(Input data Opens)

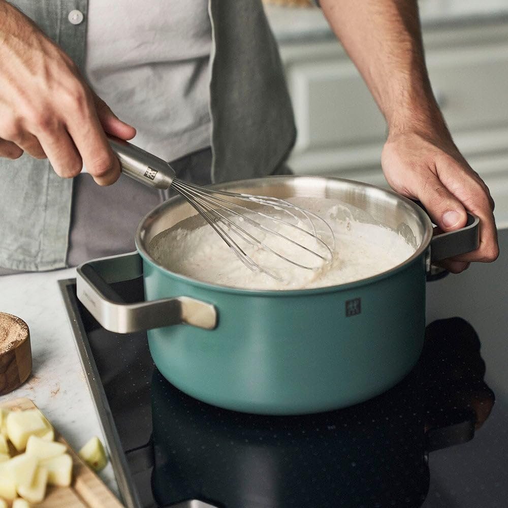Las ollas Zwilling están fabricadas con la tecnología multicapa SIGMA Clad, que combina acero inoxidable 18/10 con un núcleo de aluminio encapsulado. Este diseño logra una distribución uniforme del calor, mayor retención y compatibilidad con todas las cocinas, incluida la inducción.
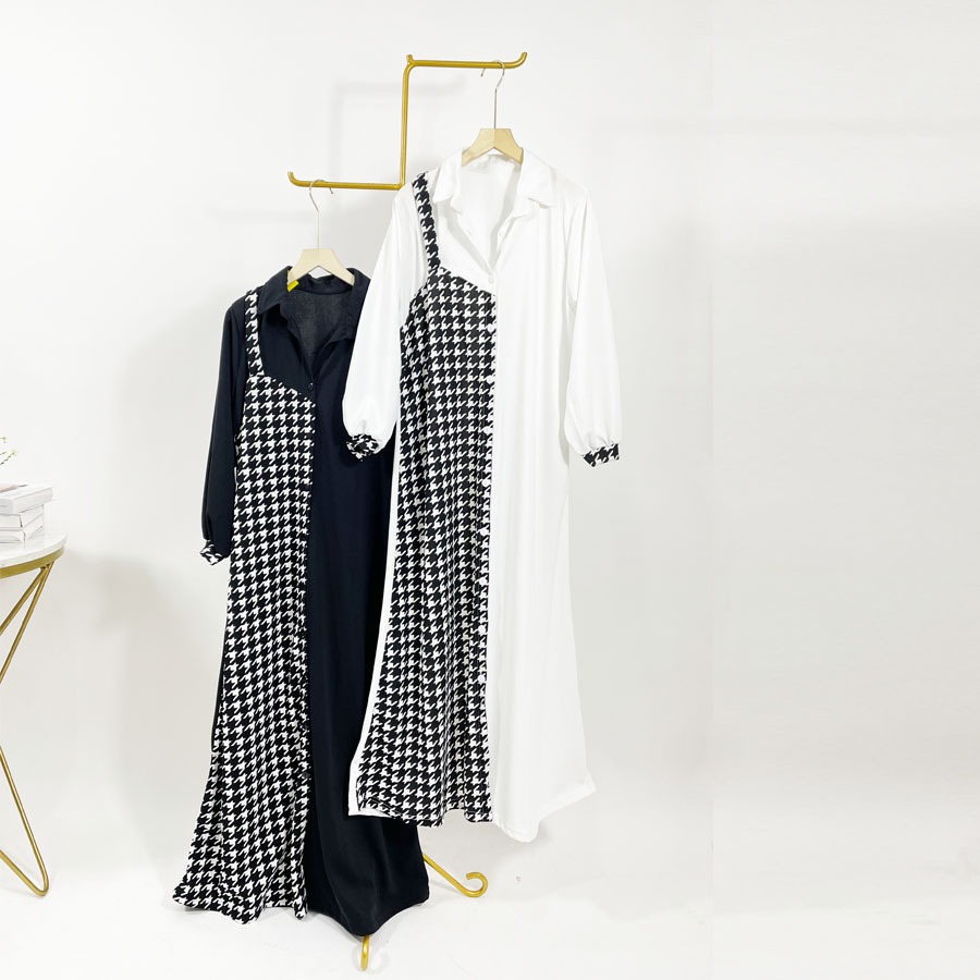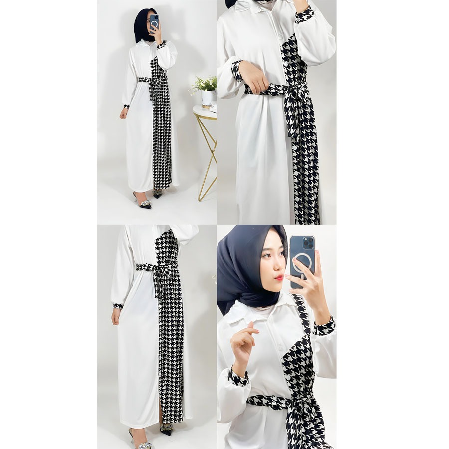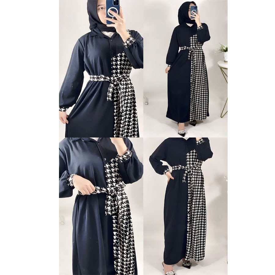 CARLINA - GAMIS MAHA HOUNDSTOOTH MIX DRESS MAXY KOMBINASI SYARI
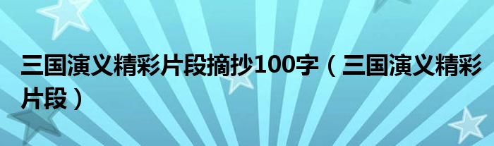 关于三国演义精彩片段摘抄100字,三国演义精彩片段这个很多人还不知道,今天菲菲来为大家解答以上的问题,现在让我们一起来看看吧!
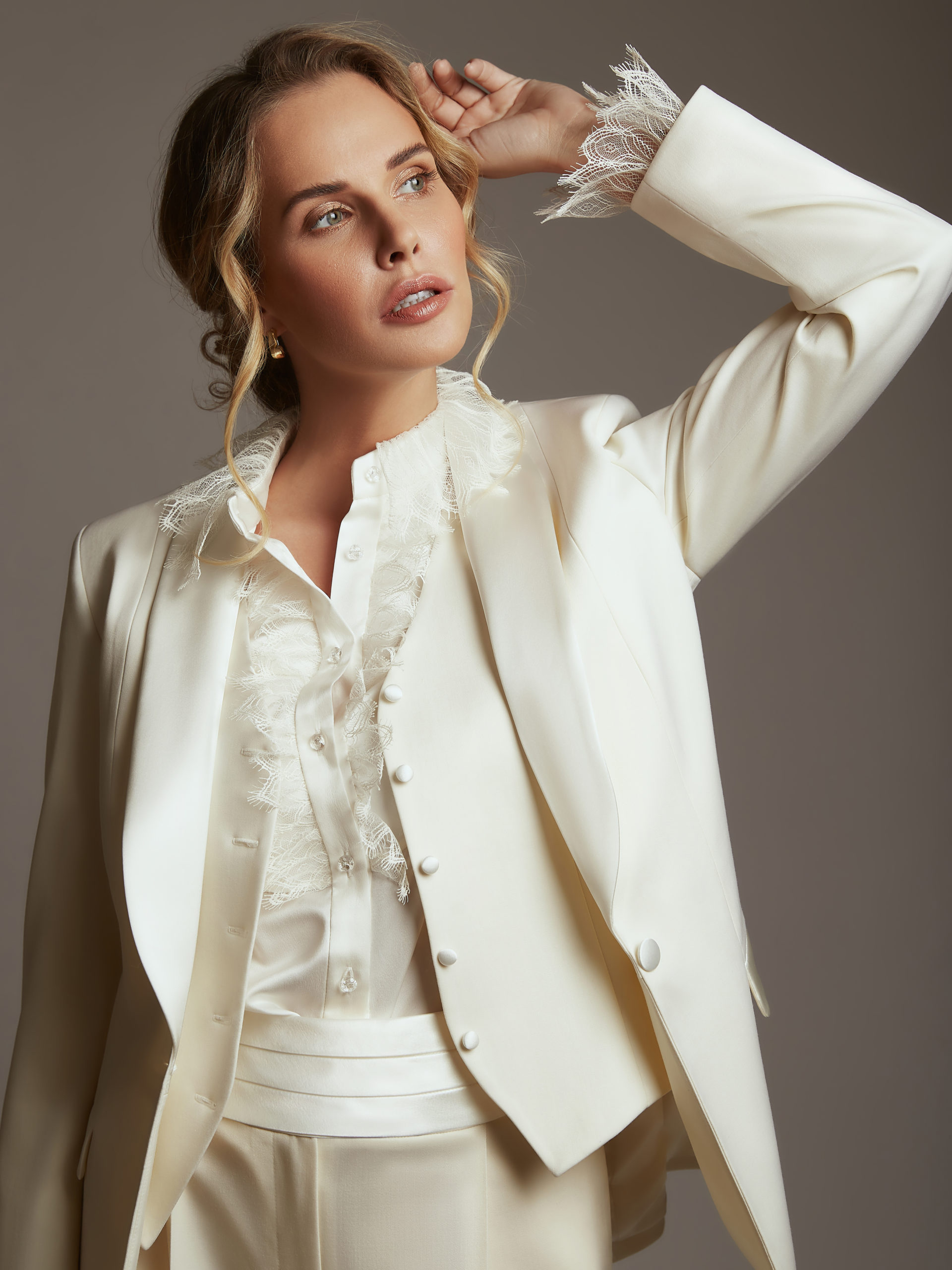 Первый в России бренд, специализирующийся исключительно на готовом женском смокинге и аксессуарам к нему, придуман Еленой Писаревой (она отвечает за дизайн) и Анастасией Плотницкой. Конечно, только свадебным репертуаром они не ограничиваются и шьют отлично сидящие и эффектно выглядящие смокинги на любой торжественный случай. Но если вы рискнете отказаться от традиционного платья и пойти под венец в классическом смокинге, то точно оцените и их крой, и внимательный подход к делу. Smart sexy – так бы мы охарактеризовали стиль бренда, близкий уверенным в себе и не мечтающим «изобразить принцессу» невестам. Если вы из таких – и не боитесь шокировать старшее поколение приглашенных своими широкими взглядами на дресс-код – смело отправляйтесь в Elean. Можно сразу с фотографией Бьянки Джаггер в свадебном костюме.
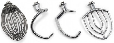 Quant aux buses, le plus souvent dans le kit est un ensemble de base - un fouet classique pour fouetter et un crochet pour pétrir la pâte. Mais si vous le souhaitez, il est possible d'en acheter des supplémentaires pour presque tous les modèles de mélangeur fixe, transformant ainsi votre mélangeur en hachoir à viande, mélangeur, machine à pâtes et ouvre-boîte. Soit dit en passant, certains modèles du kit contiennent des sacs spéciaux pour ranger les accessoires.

(Input data Closes)

■ What is required
Word-for-word output of the material above is needed, with the pictures left out.

■ Response for this exercise
Las ollas Zwilling están fabricadas con la tecnología multicapa SIGMA Clad, que combina acero inoxidable 18/10 con un núcleo de aluminio encapsulado. Este diseño logra una distribución uniforme del calor, mayor retención y compatibilidad con todas las cocinas, incluida la inducción.
 CARLINA - GAMIS MAHA HOUNDSTOOTH MIX DRESS MAXY KOMBINASI SYARI
 关于三国演义精彩片段摘抄100字,三国演义精彩片段这个很多人还不知道,今天菲菲来为大家解答以上的问题,现在让我们一起来看看吧!
 Первый в России бренд, специализирующийся исключительно на готовом женском смокинге и аксессуарам к нему, придуман Еленой Писаревой (она отвечает за дизайн) и Анастасией Плотницкой. Конечно, только свадебным репертуаром они не ограничиваются и шьют отлично сидящие и эффектно выглядящие смокинги на любой торжественный случай. Но если вы рискнете отказаться от традиционного платья и пойти под венец в классическом смокинге, то точно оцените и их крой, и внимательный подход к делу. Smart sexy – так бы мы охарактеризовали стиль бренда, близкий уверенным в себе и не мечтающим «изобразить принцессу» невестам. Если вы из таких – и не боитесь шокировать старшее поколение приглашенных своими широкими взглядами на дресс-код – смело отправляйтесь в Elean. Можно сразу с фотографией Бьянки Джаггер в свадебном костюме.
 Quant aux buses, le plus souvent dans le kit est un ensemble de base - un fouet classique pour fouetter et un crochet pour pétrir la pâte. Mais si vous le souhaitez, il est possible d'en acheter des supplémentaires pour presque tous les modèles de mélangeur fixe, transformant ainsi votre mélangeur en hachoir à viande, mélangeur, machine à pâtes et ouvre-boîte. Soit dit en passant, certains modèles du kit contiennent des sacs spéciaux pour ranger les accessoires.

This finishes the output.